(Problem requirements): Would you set down the data that follows, word for word, without any pictures?

Items listed in a dataset
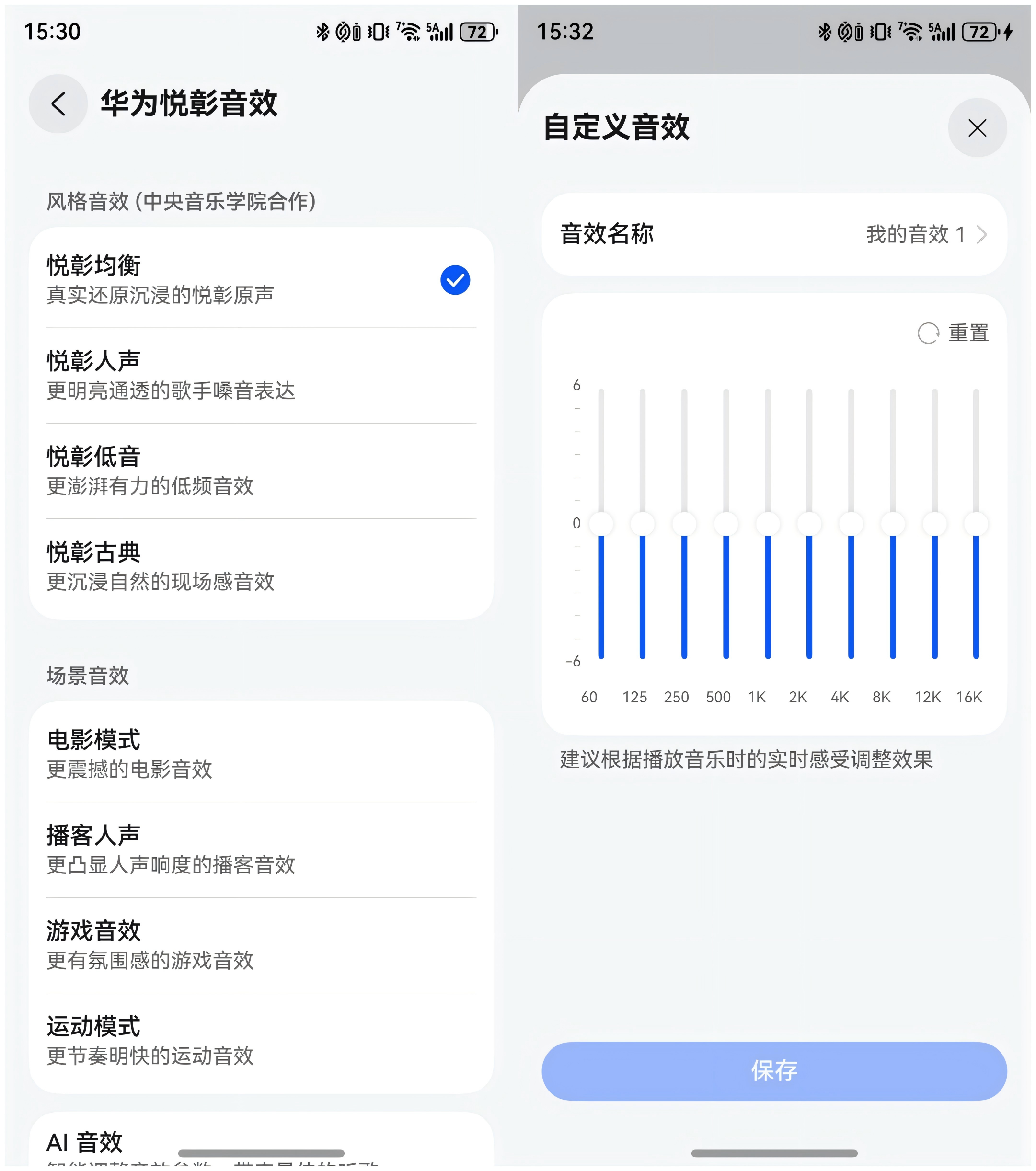 华为 FreeBuds Pro 5内置多种悦彰音效,用户可以根据自己的喜好进行选择,其中携手中央音乐学院联合打造的风格音效可以让音乐播放呈现出不同的风格。
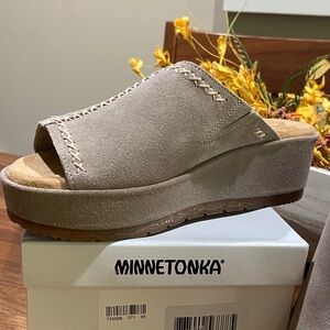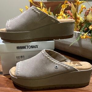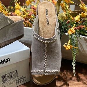 Minnetonka Women's Paislee Simply Taupe Suede Mules NWT Size 6 M
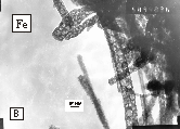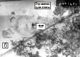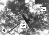 Наноструктуры, полученные при взаемодействии углеродного пара с металическими поверхностями (ПЕМ): а - на медной подложке; б - на подложке из нержавеющей стали; в - на железной подложке
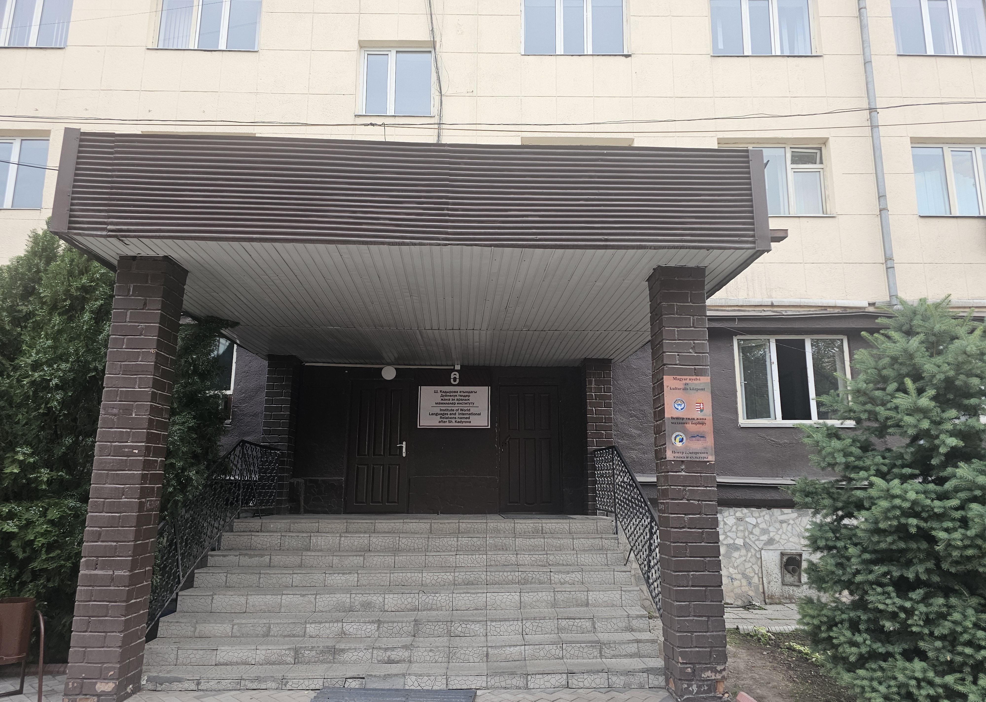 5번 건물은 세종학당 외에도 여러 핵심 기능을 담당하는데요. 이 건물의 가운데 입구는 Ш. 카디로바 세계언어국제관계대학으로 이어져 국제 교류의 창구가 됩니다.
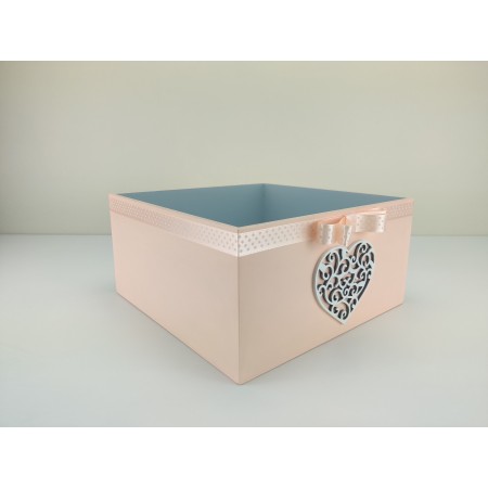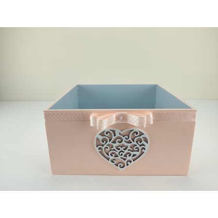 Rankomis dekoruota  medinė daiktadėžė  ne tik tarnauja pagal paskirtį, bet tuo pačiu  yra ir  puiki interjero detalė. Ji gali tapti gražia ir praktiška  atminimo dovana  naujagimiui, krikštynų,  gimtadienio  ar kuria kita  proga.  Spalvas,  dekoracijas ir užrašus    galima pasirinkti. Daiktadėžės   matmenys 24x24x12.  Pagaminta kruopščiai ir su meile. Gaminame pagal užsakymą.
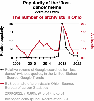 In the words of the famous dancer Fred Astaire, "The higher up you go, the more mistakes you are allowed. Right at the top, if you make enough of them, it's considered to be your style." And perhaps, in the convoluted dance of cultural phenomena and labor dynamics, the unforeseen correlation between the Floss dance meme and the number of archivists in Ohio has unintentionally crafted its own unique style.
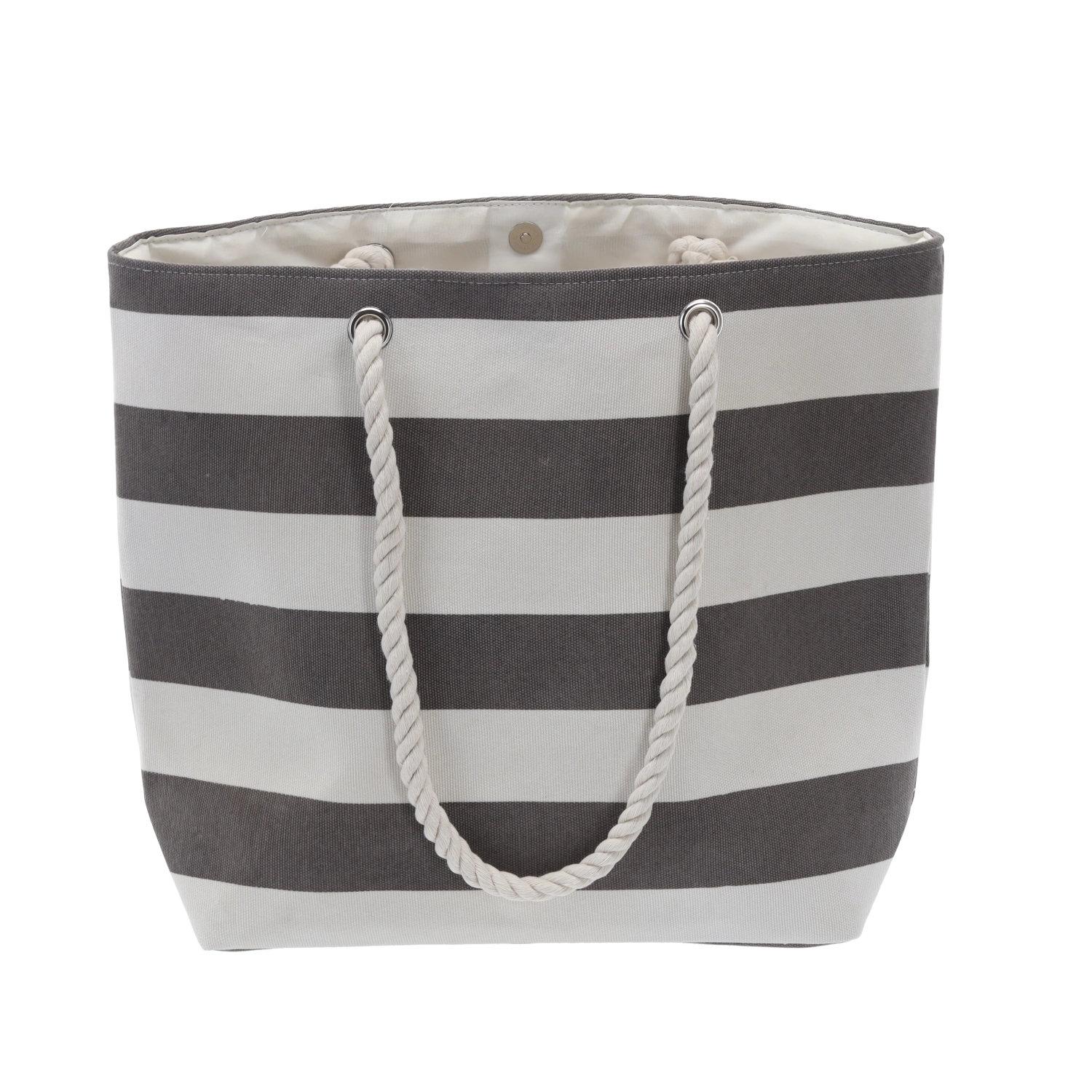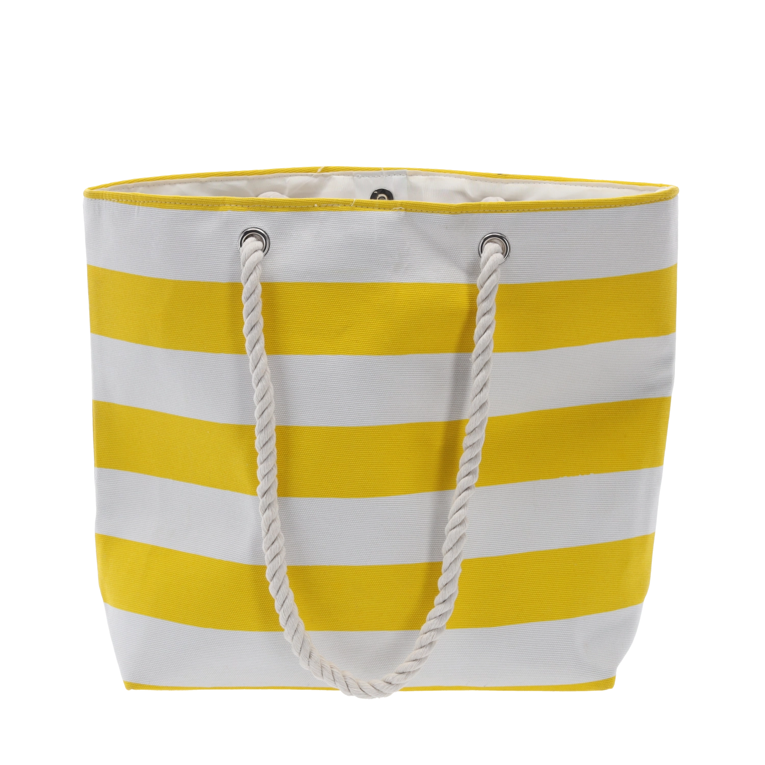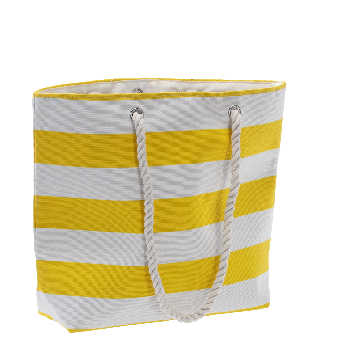 Silné kroucené provazové rukojeti pro pohodlné nošení na rameni. Kovová oka zvyšují odolnost při každodenním používání.
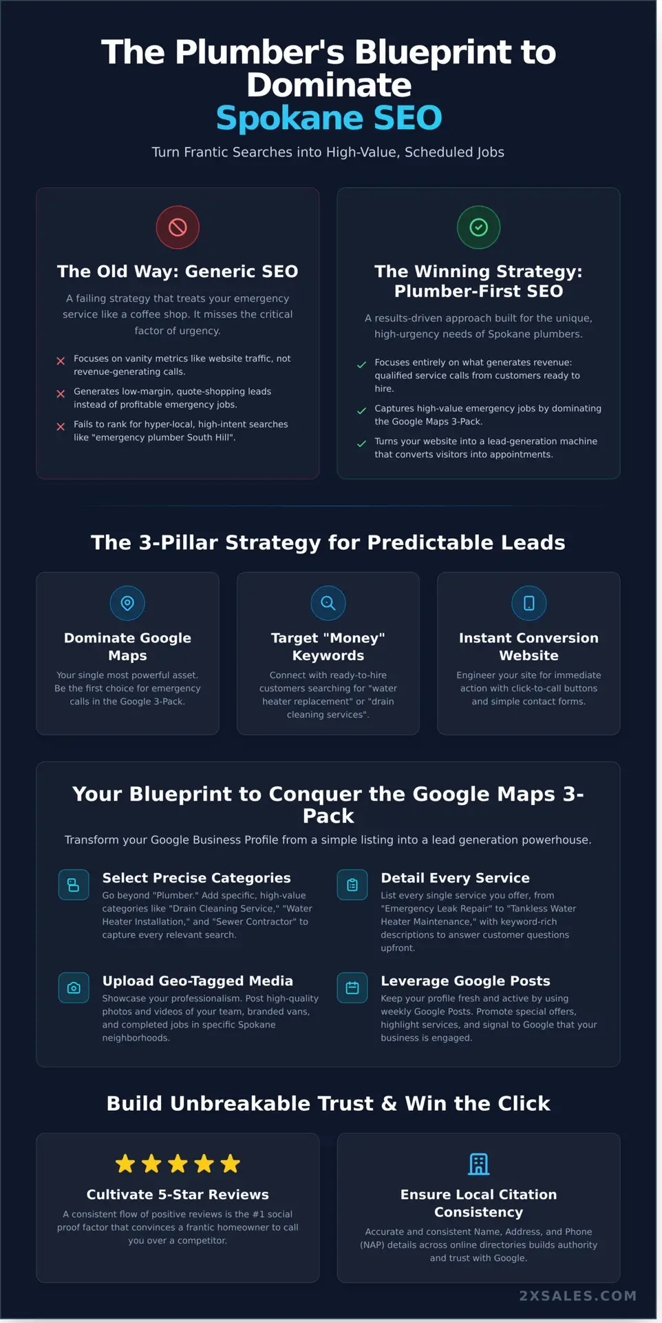 Your plumbing business isn’t a retail store or a coffee shop. When a customer in Spokane needs you, it’s often an emergency. A generic SEO strategy built for broad visibility will fail you because it doesn’t understand the critical factor of urgency. You don’t need thousands of website visitors; you need your phone to ring with qualified, profitable jobs from homeowners in distress. The difference isn’t about traffic-it’s about turning a frantic search into a booked appointment, fast.
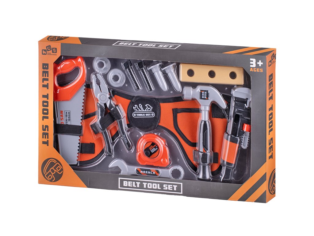 Obsah sady: 6 ks (kleště, francouzský klíč, kladívko, šroubovák, brýle, opasek)
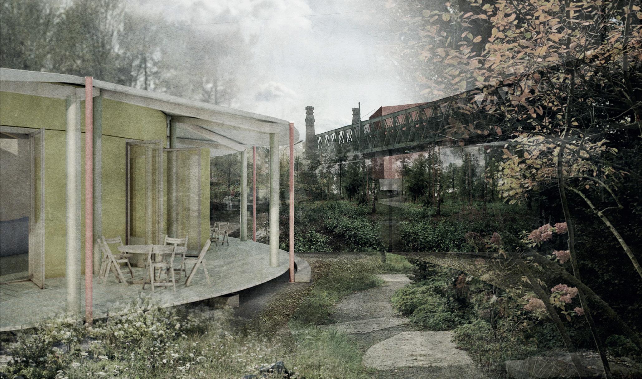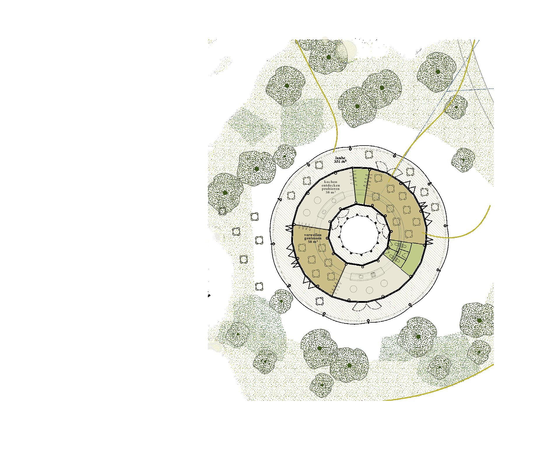Eine Gruppe von Pavillons entdeckt man erst innerhalb der aufgeforsteten Wildnis. Als runde Volumen, von jeder Seite zugänglich, orientieren sie sich an den Milchtrinkhallen zu Zeiten des Roten Wiens. Die Holzpavillons stehen auf einem Sockel, der Waldboden fließt darunter durch.
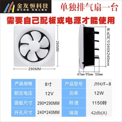 太阳能排气扇静音方孔排风扇厨房窗户12V抽风扇直流家用通风换气:白色8寸排气扇

(Completed task):
 华为 FreeBuds Pro 5内置多种悦彰音效,用户可以根据自己的喜好进行选择,其中携手中央音乐学院联合打造的风格音效可以让音乐播放呈现出不同的风格。
 Minnetonka Women's Paislee Simply Taupe Suede Mules NWT Size 6 M
 Наноструктуры, полученные при взаемодействии углеродного пара с металическими поверхностями (ПЕМ): а - на медной подложке; б - на подложке из нержавеющей стали; в - на железной подложке
 5번 건물은 세종학당 외에도 여러 핵심 기능을 담당하는데요. 이 건물의 가운데 입구는 Ш. 카디로바 세계언어국제관계대학으로 이어져 국제 교류의 창구가 됩니다.
 Rankomis dekoruota  medinė daiktadėžė  ne tik tarnauja pagal paskirtį, bet tuo pačiu  yra ir  puiki interjero detalė. Ji gali tapti gražia ir praktiška  atminimo dovana  naujagimiui, krikštynų,  gimtadienio  ar kuria kita  proga.  Spalvas,  dekoracijas ir užrašus    galima pasirinkti. Daiktadėžės   matmenys 24x24x12.  Pagaminta kruopščiai ir su meile. Gaminame pagal užsakymą.
 In the words of the famous dancer Fred Astaire, "The higher up you go, the more mistakes you are allowed. Right at the top, if you make enough of them, it's considered to be your style." And perhaps, in the convoluted dance of cultural phenomena and labor dynamics, the unforeseen correlation between the Floss dance meme and the number of archivists in Ohio has unintentionally crafted its own unique style.
 Silné kroucené provazové rukojeti pro pohodlné nošení na rameni. Kovová oka zvyšují odolnost při každodenním používání.
 Your plumbing business isn’t a retail store or a coffee shop. When a customer in Spokane needs you, it’s often an emergency. A generic SEO strategy built for broad visibility will fail you because it doesn’t understand the critical factor of urgency. You don’t need thousands of website visitors; you need your phone to ring with qualified, profitable jobs from homeowners in distress. The difference isn’t about traffic-it’s about turning a frantic search into a booked appointment, fast.
 Obsah sady: 6 ks (kleště, francouzský klíč, kladívko, šroubovák, brýle, opasek)
Eine Gruppe von Pavillons entdeckt man erst innerhalb der aufgeforsteten Wildnis. Als runde Volumen, von jeder Seite zugänglich, orientieren sie sich an den Milchtrinkhallen zu Zeiten des Roten Wiens. Die Holzpavillons stehen auf einem Sockel, der Waldboden fließt darunter durch.
 太阳能排气扇静音方孔排风扇厨房窗户12V抽风扇直流家用通风换气:白色8寸排气扇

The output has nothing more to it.